What then is the culmination of all this development, innovation and growth? Nothing. Everything. The most striking feature of The White Album is how it sounds like both the apotheosis of the Beatles’ body of work and an entirely fresh start. A complete overhaul of all tradition and convention as well as a mere compilation of their best ideas throughout their discography. Viewed in retrospect, the trajectory of the Beatles’ career seems almost meticulously planned, it runs so smooth. Each new release integrated just enough of their previous material to avoid isolating their existing fan base whilst also allowing the group a space to explore alternative musical avenues. The White Album splits this particular atom within the album’s DNA entirely and a musical fallout emerges.
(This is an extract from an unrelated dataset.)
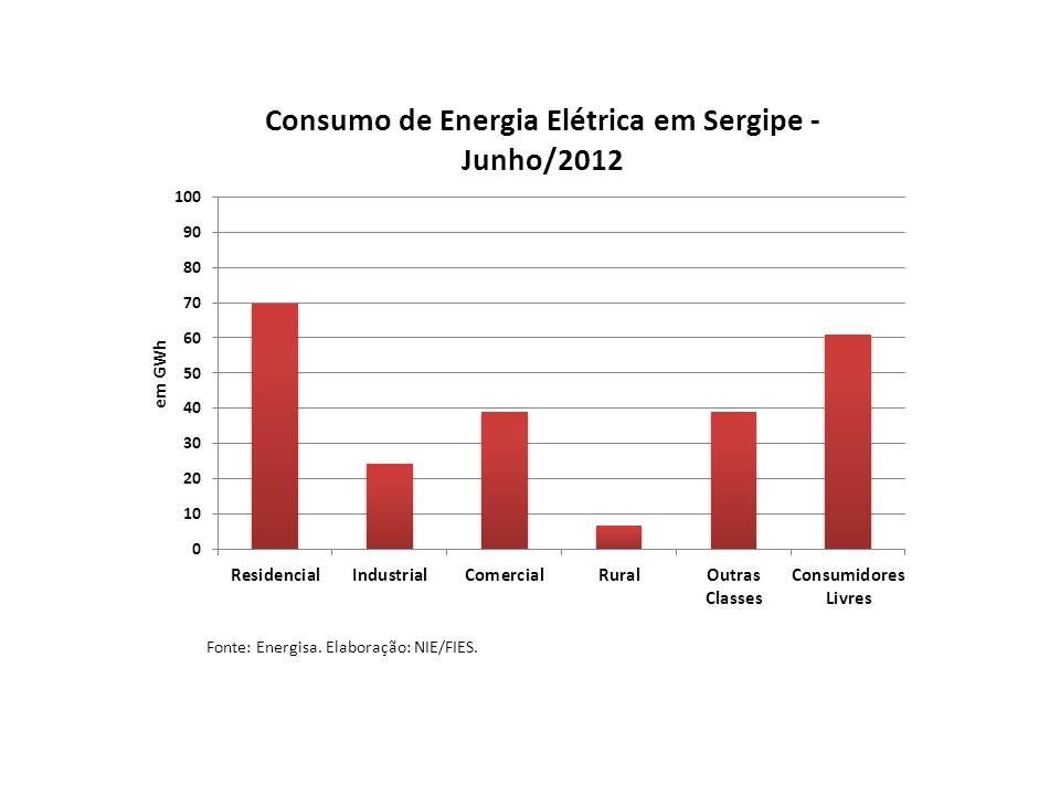 Análise realizada pelo Boletim Sergipe Econômico, parceria do Núcleo de Informações Econômicas da Federação das Indústrias do Estado de Sergipe (FIES) e do Departamento de Economia da UFS, com base nos dados da Energisa (que gera e distribui energia para 96% do território do estado), constatou que houve crescimento no consumo de energia elétrica de 3,8%, na comparação entre maio de 2012 e o mesmo mês de 2011, em Sergipe. O consumo de energia elétrica, em maio desse ano, chegou a 187,4 Gigawatt-hora (Gwh), representando recuo de 3,7%, em relação ao mês anterior.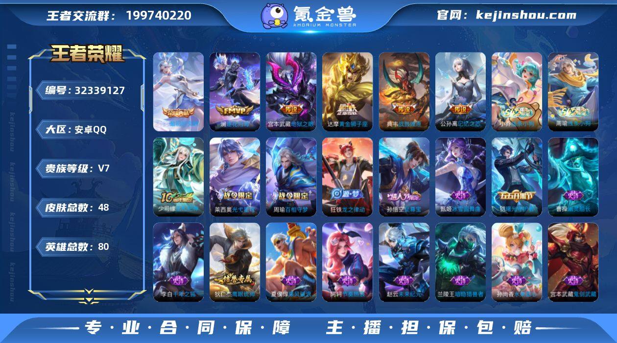 无二次-安卓Q-V7-最强王者段位-80英雄-48皮肤-1典藏皮肤-5传说-23史诗HZ2631407 【荣耀典藏】:伽罗最初的交响 【传说皮肤】:典韦战鼓燎原,澜逐花归海,公孙离记忆之芯,达摩黄金狮子座,宫本武藏地狱之眼 【限定皮肤】:狄仁杰阴阳师,赵云皇家上将,狄仁杰魔术师,项羽海滩派对,孙悟空至尊宝,李元芳云中旅人,沈梦溪大漠名商 【赛季限定】:沈梦溪大漠名商,李元芳云中旅人,亚瑟荣光之誓 【战令限定】:周瑜百相守梦,孙策百相守梦,莱西奥光弋星穹,明世隐往忆晖光,周瑜线条小狗,小乔线条小狗 【史诗皮肤】:周瑜线条小狗,小乔线条小狗,少司缘巫礼祀神,莱西奥光弋星穹,周瑜百相守梦,狂铁龙之律动,狄仁杰鹰眼统帅,阿轲节奏热浪,铠曙光守护者,雅典娜冰冠公主,兰陵王暗隐猎兽者,夏侯惇乘风破浪,孙悟空至尊宝,李白千年之狐,曹操幽灵船长,吕布圣诞狂欢,妲己魅力维加斯,孙尚香水果甜心,宫本武藏鬼剑武藏,狄仁杰魔术师,王昭君偶像歌手,甄姬冰雪圆舞曲,赵云未来纪元,赵云皇家上将 【其他皮肤】:艾琳鹤鸣心笺,明世隐往忆晖光,亚瑟荣光之誓,孙策百相守梦,海月幻泉雾影,李元芳云中旅人,沈梦溪大漠名商,王昭君幻想奇妙夜,狄仁杰阴阳师,后羿阿...

In the bridge of ‘Dear Prudence’, for example, the deep, reverberating echoes of “round, round, round” similarly seem to echo the thousands of monks Lennon sought to conjure on the Revolver track ‘Tomorrow Never Knows’ – yet while the latter song never expounded much beyond essentially stoner wisdom, in the former the words transform from a simple plea not to get lost in one’s own mind to a mantra enforcing a kind of universal consciousness. ‘While My Guitar Gently Weeps’ too is perhaps the only other Beatles song to match the sheer existential horror of ‘A Day in the Life’, countering the near-nihilism of Lennon with an achingly human despair from Harrison, flawlessly embellished with Eric Clapton’s wailing guitar solo. It sometimes feels like the Beatles are trying to perfect themselves. Then something like the wonky, delirious guitars of ‘Wild Honey Pie’ will come and go. Then something like the tinkling, staccato harpsichord of ‘Piggies’ will come and go. Then something like – well, something like ‘Revolution 9’ will come and always, always, always go.
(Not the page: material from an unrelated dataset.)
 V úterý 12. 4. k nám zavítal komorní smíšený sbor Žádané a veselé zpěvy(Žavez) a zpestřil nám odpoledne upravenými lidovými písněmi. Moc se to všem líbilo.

It really is no wonder the album is often considered a postmodern masterpiece – it both demands and absolutely defies any attempts to extract meaning from it. To listen to The White Album is to experience musical whiplash, without ever being certain if it was worth it. None of the risks the band takes ever develop enough to reveal the result; none of the changes in direction keep moving in that direction; more than an album, it feels like a collection of songs vaguely floating around a centre of gravity marked The Beatles. Perhaps that is the key. Perhaps referring to the album as The White Album has always been a mistake. This is just The Beatles. As in, this is just the Beatles. No more, no less – and as they proved over the course of ninety minutes, that is all you need to create one of the greatest albums of all time.